Мерзавцы, шаткое гимнастическое стадо, пораженные этой вспышкой до оглушения, не задавая вопросов, попятились. Все еще пребывавший на четвереньках Ширяй бессмысленно мешкал, раздираемый противоречивыми побуждениями, но выведен был из неопределенности пинком высокородной ноги, резво подхватился, сразу возвратив себе ясность мысли, пятясь и кланяясь, присоединился к шарахнувшейся на выход братии.

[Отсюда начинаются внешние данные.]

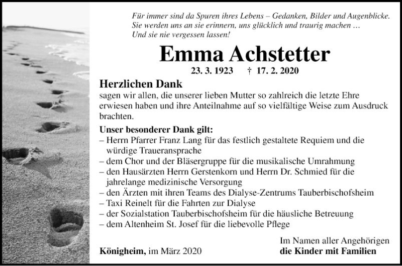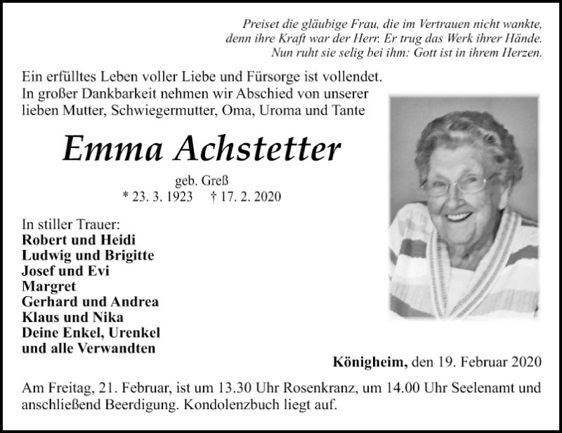 Hier finden Sie alle Traueranzeigen aus der Zeitung, die bisher für Emma Achstetter erschienen sind. Weitere Traueranzeigen, die in der Zeitung erscheinen, werden hier ebenfalls aufgelistet
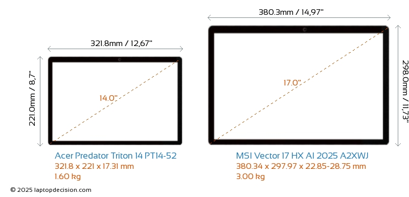 HDMIBoth Predator Triton 14 PT14-52 and Vector 17 HX AI 2025 A2XWJ feature an HDMI port (1x HDMI 2.1) for connecting to external monitors.
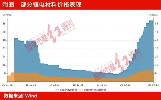 據(jù)Wind數(shù)據(jù)顯示,截至3月10日,如碳酸鋰(磷酸鐵鋰電池正極材料原料)報(bào)收50.1萬(wàn)元/噸,相較于今年初27.8萬(wàn)元/噸(1月4日?qǐng)?bào)價(jià))上漲80%,相較于去年同期漲幅達(dá)5倍;電解液核心原材料六氟磷酸鋰報(bào)價(jià)55萬(wàn)元/噸,同比上漲達(dá)2.33倍;磷酸鐵鋰電池電解液價(jià)格報(bào)收11.03萬(wàn)元/噸,同比上漲162%(見附圖)。
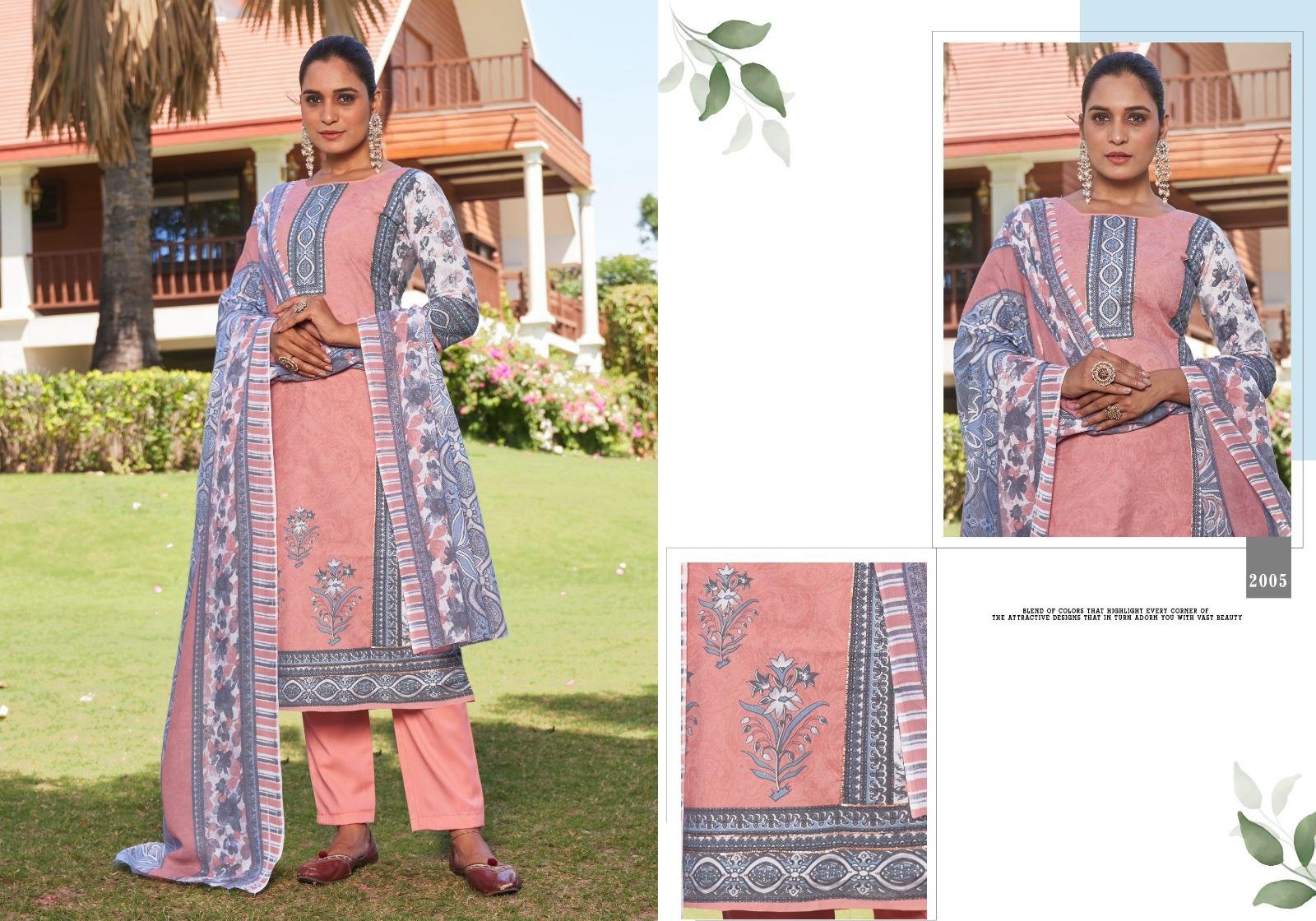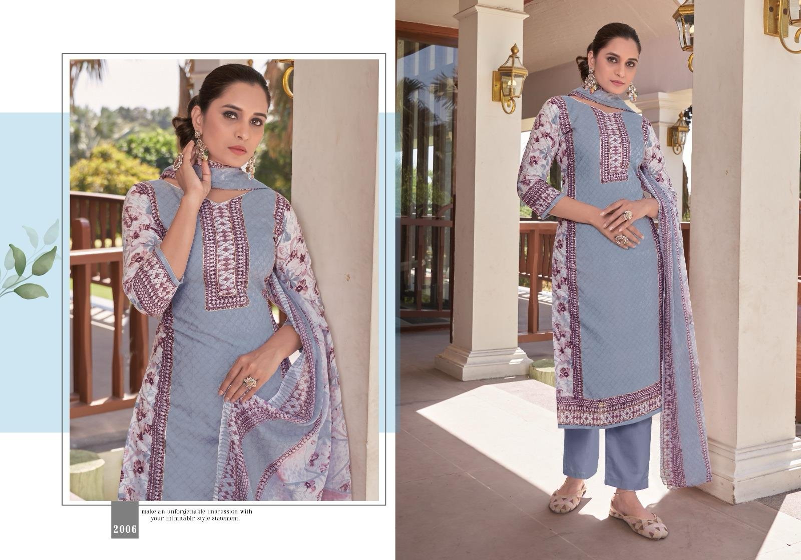 Top: 100% Pure Cotton Designer print with Aari work on neck and daaman ; Cut: 2.50 mts
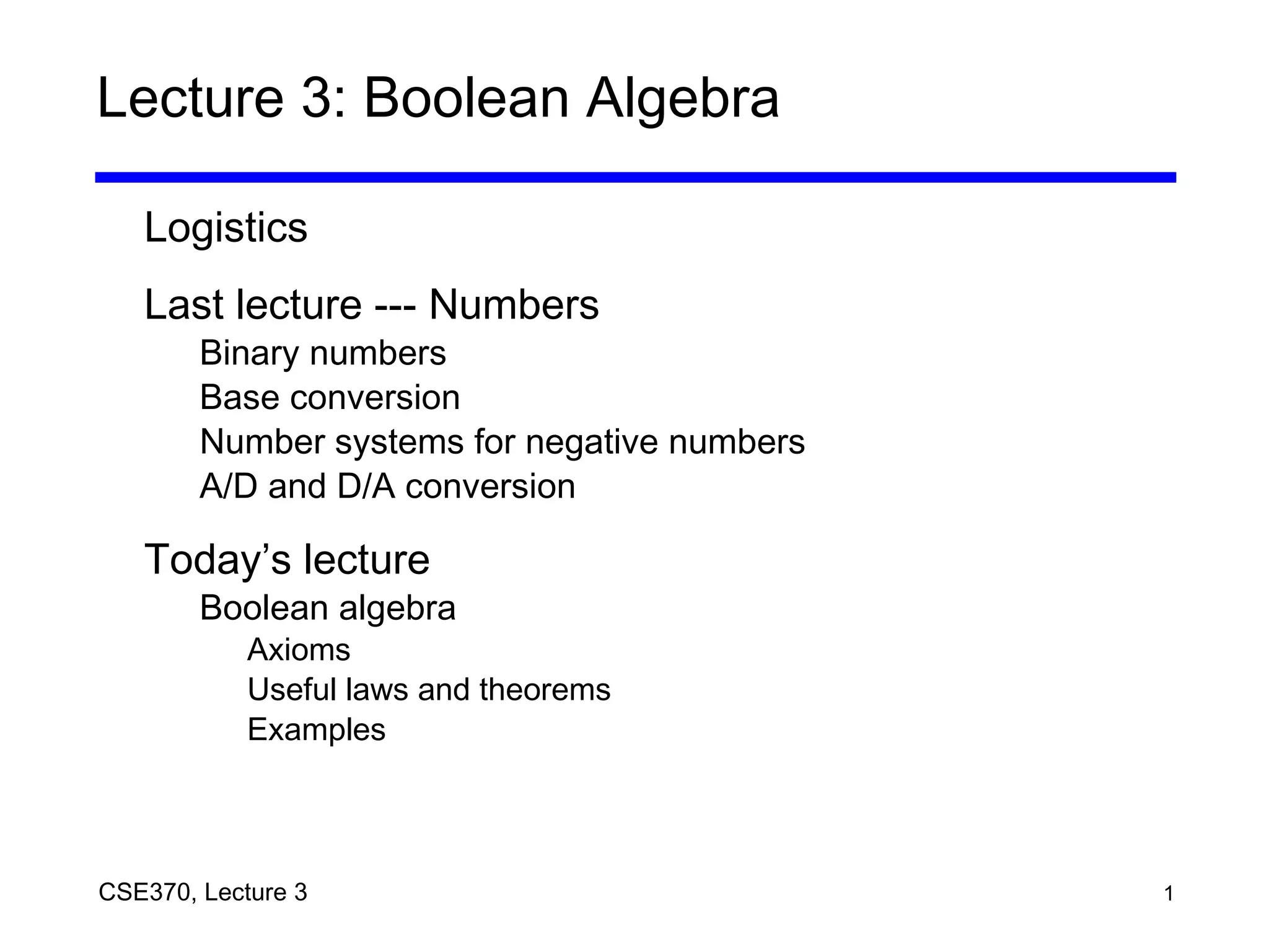 The document summarizes key topics from Lecture 3 of CSE370 including:
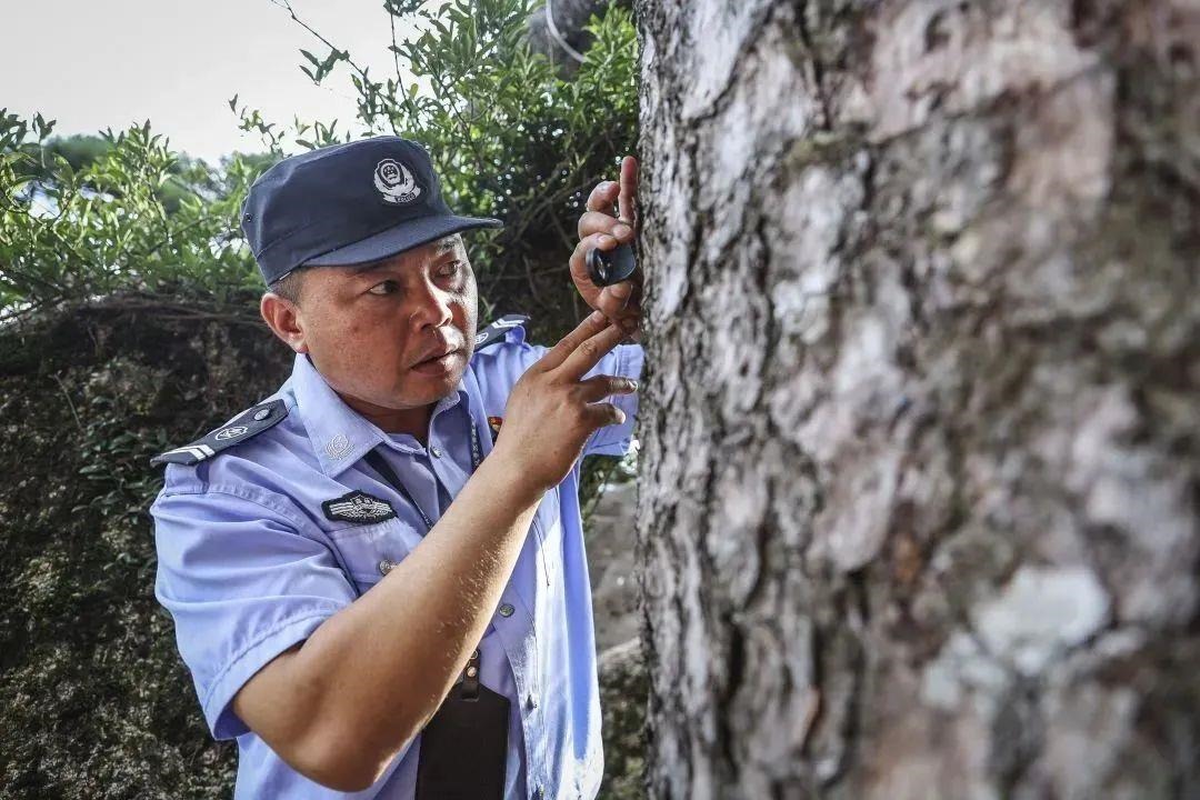 除了觀察樹皮、梢頭、枝丫、冠頂之外,胡曉春每天的巡檢細到連松針都不放過。
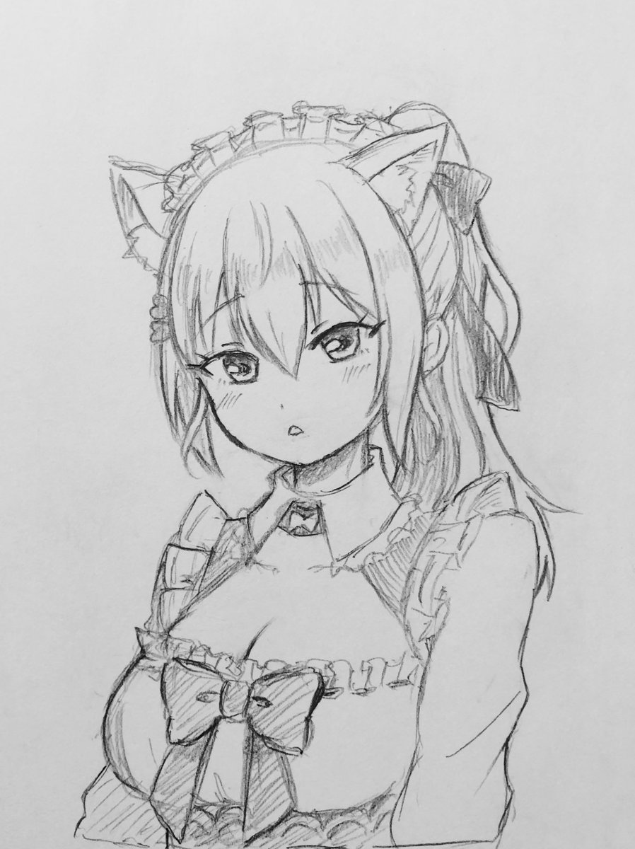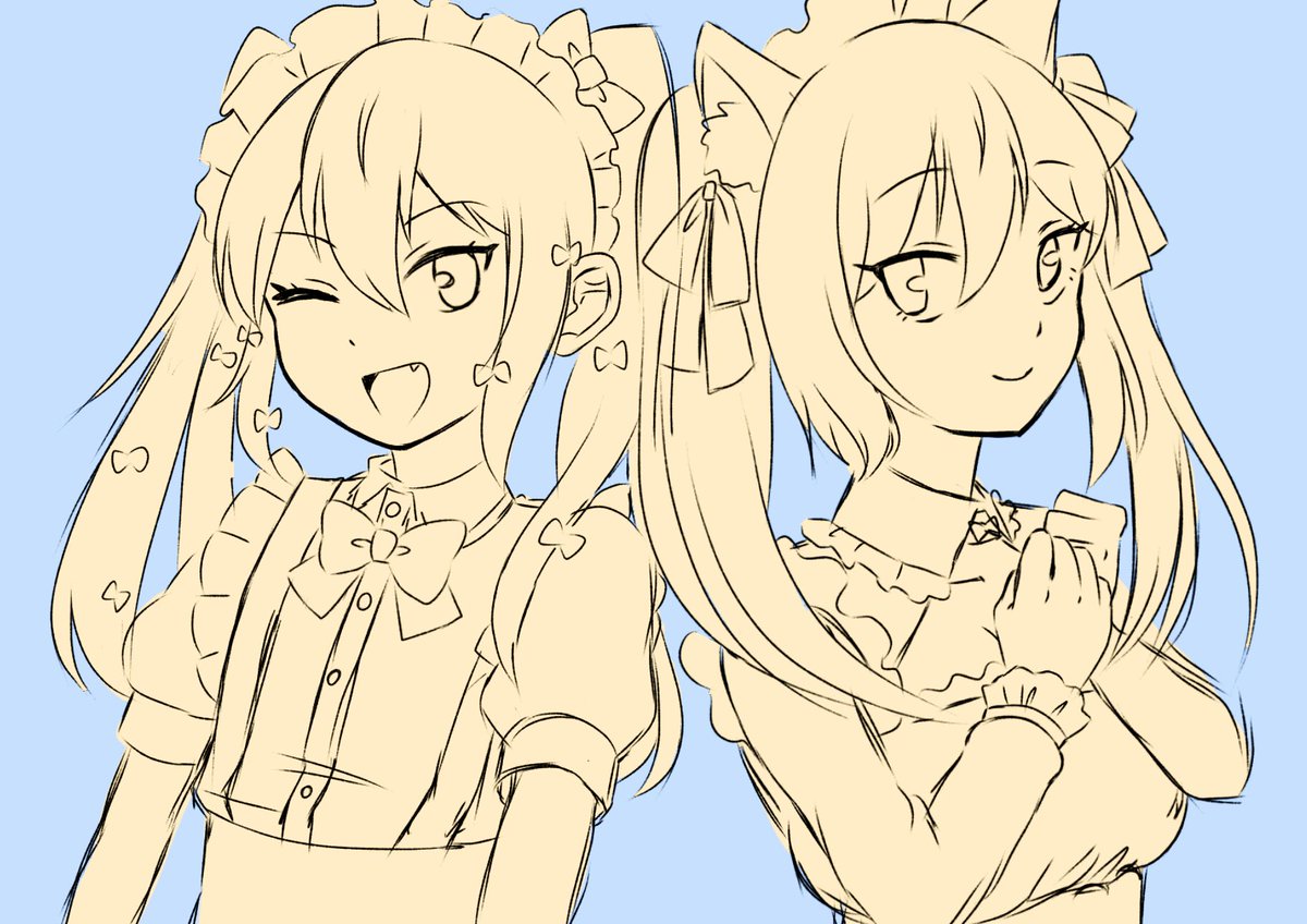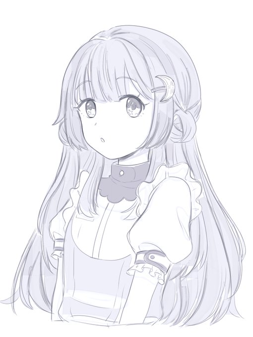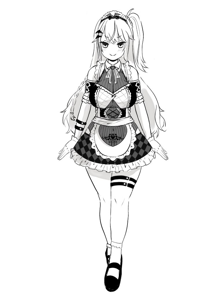 今の制服衣装デザインを基に、メイド服を考えてみました! どうしてもお腹見せたかった結果、斬新なエプロンの形になりました笑 お腹のところはコルセットで〜、インナーは透け素材で〜、ここは菱形に〜などなど!楽しく妄想しながら描きました🥳 #夢乃リリス新衣装予想 #夢の中絵

– Ну вот! – с какой-то раздражительной горестью воскликнул Громол, сцепив руки. – Вот! – Лицо подергивалось, он мял пальцы и вскидывал быстрые глаза. Можно было отличить тот болезненный миг, когда взгляд наследника останавливался на просеченном плетью рубце. – Черт! Какая пакость! Фу-ты!… Ну, прости. Слышишь, я прошу у тебя прощения!
– Да, – молвил Юлий, подразумевая, что слышит. Щека горела острой, растекающейся болью и это было сейчас значительней, ощутимей нравственных метаний брата, за которыми Юлий не успевал следить.
– Ну, что, плохо? – спросил Громол с очевидно проглянувшей надеждой получить немедленные заверения в обратном. – Я же сказал прости! Виноват. Как я теперь оправдаюсь, если хотел пошутить, может, пошутить я хотел? А ты под плеть сунулся. Сначала довел до белого каления, а потом… потом вот до мучений совести! Вот что ты сделал! Ты добренький, а я злодей – так?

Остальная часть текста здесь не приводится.